Per ricondurre il discorso ad una sfera molto piu’ tangibile, posso affermare con certezza che io sono in grado di guidare e sostenere un test di algebra pur avendo un livello di alcool nel sangue doppio al limite consentito, mentre la mia ragazza con 0.2 si schianterebbe contro la povera pattuglia dei carabinieri del posto di blocco.

Mi rendo tuttavia conto che e’ quasi impossibile adottare un sistema generalmente obiettivo, ma penso che il principio della norma che tutela i cittadini sia sbagliato in quanto reputo gli alcool test come strumenti di una politica repressionista. Perche’ invece non prevenire?

Posso suggerire un paio di soluzioni alcune delle quali potrebbero benissimo essere adottate, altre sarebbero meno attuabili.

La prevenzione applicata passivamente e’ la prima ipotesi:

il guidatore prima di poter girare la chiave di accensione deve sostenere la prova dell’alcool test a cui la sua stessa auto lo sottopone. In caso di superamento del limite di legge, l’autovettura non si accende. Alcune nuove autovetture prevedono questo accessorio, ma perchè non renderlo obbligatorio di serie su tutti gli automezzi?

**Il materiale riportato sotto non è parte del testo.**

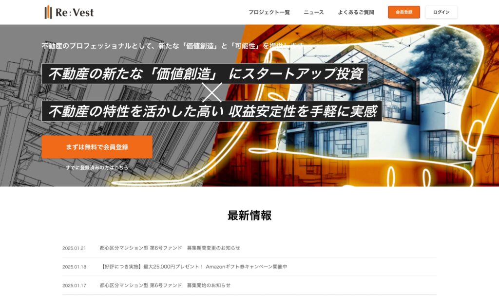 - キャンペーン:登録のみでAmazonギフト券2,000円等、出資を含めて最大5万円分ギフト券がもらえるキャンペーン実施中。

La seconda ipotesi consiste in un esame di guida molto piu’ selettivo di quello attuale:

ogni cittadino è infatti consapevole che almeno un guidatore su 3 non è in grado di guidare ed è fonte di pericolo. Molti automobilisti sono abilitati alla guida dalla motorizzazione civile solamente perchè durante l’esame di guida sono stati in grado di inserire le marcie fino alla 3a e hanno fatto spegnere l’automobile al massimo una volta. L’autovettura è un’arma che può uccidere le persone al suo interno e altre all’esterno. Perchè l’esame per ottenere la patente di guida, che a questo punto è da considerarsi un porto d’armi, non è selettivo? Nessuno ha mai sostenuto un esame di guida in autostrada o su dei tornanti montani o in qualunque altro contesto urbano o extraurbano che comporti maggiore capacità al volante. Se l’esame di guida fosse più selettivo avremmo molti meno incidenti (mortali o meno) sulle strade e, avendo molti meno guidatori, avremmo anche notevolmente alleviato la piaga del traffico e tutti i derivati (inquinamento, parcheggio, ecc…). In aggiunta, l’esame medico per poter ottenere il foglio rosa dovrebbe prevedere un’analisi della riduzione di riflessi e capacità motoria derivanti dall’uso di alcool. Così facendo:

- la mia ragazza non potrebbe mettersi al volante nemmeno dopo un bicchiere di Bacardi Breezer

- gli alcolizzati nemmeno dopo un bicchiere di birra

- il resto dei cittadini sarebbe più sereno al volante.